== DATASET EXCERPT

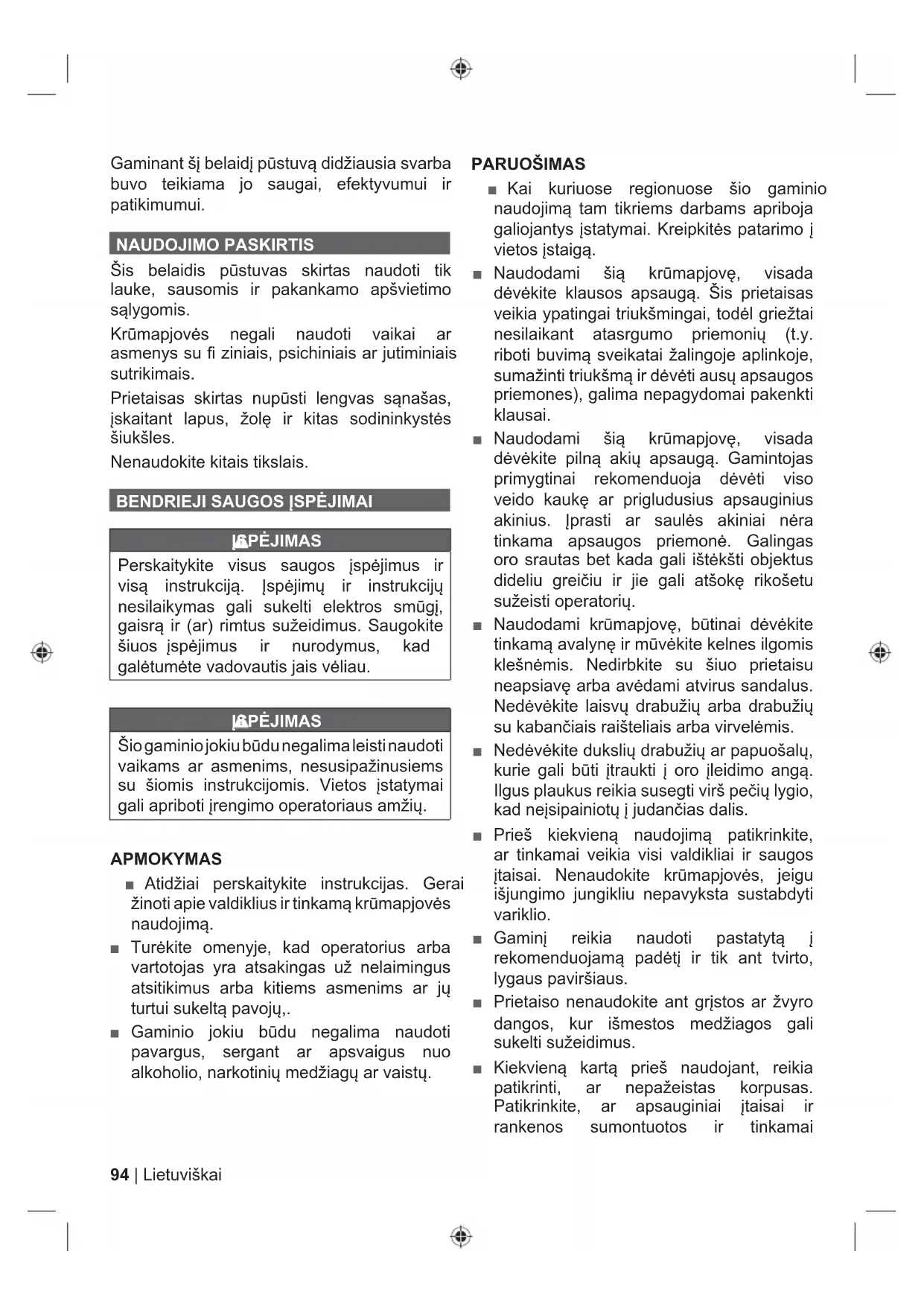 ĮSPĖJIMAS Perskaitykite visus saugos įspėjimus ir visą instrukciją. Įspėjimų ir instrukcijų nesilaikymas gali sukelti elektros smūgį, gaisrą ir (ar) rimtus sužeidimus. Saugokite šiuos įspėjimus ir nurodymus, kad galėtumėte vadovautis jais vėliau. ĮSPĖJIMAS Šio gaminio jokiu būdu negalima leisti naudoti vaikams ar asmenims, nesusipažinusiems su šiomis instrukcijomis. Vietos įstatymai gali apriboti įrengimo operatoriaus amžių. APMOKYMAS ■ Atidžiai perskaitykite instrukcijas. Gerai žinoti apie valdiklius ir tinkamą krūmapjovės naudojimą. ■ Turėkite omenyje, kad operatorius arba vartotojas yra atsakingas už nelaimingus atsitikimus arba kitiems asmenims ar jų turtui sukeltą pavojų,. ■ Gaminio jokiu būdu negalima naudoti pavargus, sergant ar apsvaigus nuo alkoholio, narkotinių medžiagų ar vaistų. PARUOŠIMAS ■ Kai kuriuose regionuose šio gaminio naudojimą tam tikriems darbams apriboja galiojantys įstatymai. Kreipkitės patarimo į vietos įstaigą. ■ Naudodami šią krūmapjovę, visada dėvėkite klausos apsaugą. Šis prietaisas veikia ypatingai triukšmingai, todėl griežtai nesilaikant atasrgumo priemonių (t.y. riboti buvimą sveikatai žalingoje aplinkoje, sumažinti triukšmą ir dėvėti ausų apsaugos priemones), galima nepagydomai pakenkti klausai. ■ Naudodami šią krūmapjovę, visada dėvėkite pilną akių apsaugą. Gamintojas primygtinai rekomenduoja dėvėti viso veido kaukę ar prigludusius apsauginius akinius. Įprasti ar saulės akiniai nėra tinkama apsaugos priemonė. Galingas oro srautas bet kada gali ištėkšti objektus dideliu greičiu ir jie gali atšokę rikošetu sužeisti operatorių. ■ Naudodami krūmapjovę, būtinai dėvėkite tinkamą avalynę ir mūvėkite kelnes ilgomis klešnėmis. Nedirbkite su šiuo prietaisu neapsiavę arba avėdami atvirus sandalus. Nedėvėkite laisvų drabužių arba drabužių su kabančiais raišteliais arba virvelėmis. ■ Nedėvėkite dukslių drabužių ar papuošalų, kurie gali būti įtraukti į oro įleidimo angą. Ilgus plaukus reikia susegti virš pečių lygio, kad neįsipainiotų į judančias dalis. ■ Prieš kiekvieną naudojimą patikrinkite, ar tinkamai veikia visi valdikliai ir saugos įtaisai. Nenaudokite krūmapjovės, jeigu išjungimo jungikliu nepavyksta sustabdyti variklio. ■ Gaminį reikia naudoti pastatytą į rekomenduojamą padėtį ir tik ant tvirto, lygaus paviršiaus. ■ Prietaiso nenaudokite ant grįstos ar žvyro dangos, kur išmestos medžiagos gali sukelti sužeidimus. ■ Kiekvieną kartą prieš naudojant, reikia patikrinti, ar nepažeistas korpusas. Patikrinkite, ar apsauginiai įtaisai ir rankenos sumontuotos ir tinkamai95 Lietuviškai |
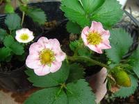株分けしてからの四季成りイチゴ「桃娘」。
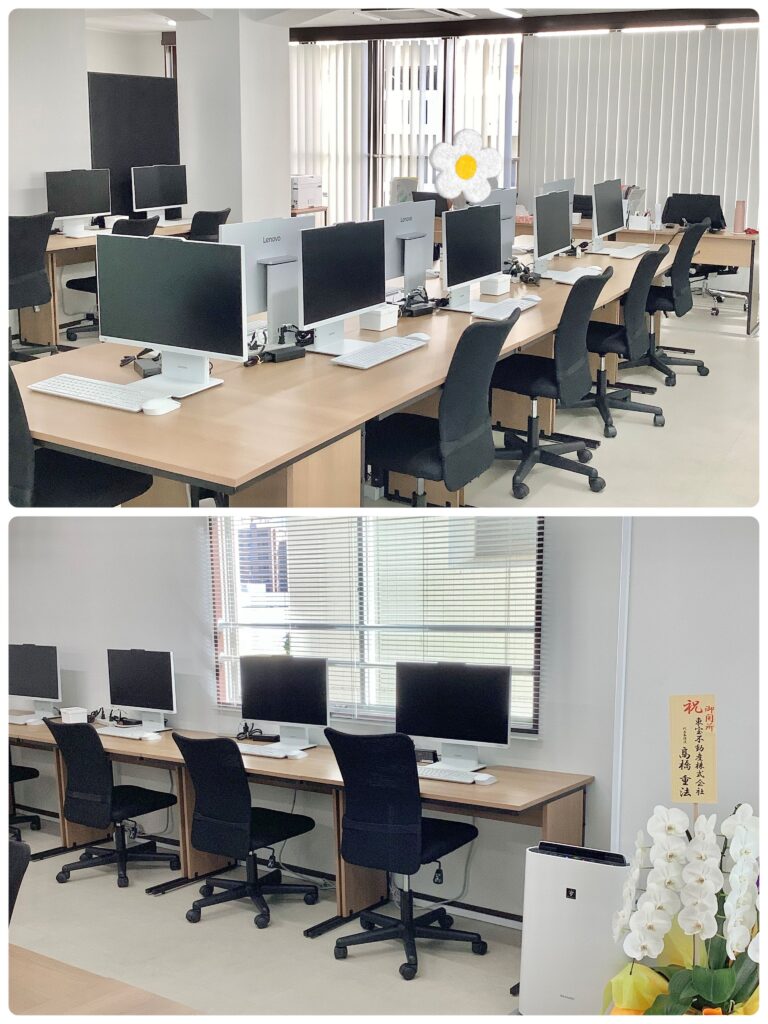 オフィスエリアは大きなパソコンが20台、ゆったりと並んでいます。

====

> TASK ITEM: Restate word for word, please, the line containing "株分けしてからの四季成りイチゴ「桃娘」。" and all lines after it through the end of the material; the pictures do not belong in the copy.

> ANSWER TO THE PROBLEM:
株分けしてからの四季成りイチゴ「桃娘」。
 オフィスエリアは大きなパソコンが20台、ゆったりと並んでいます。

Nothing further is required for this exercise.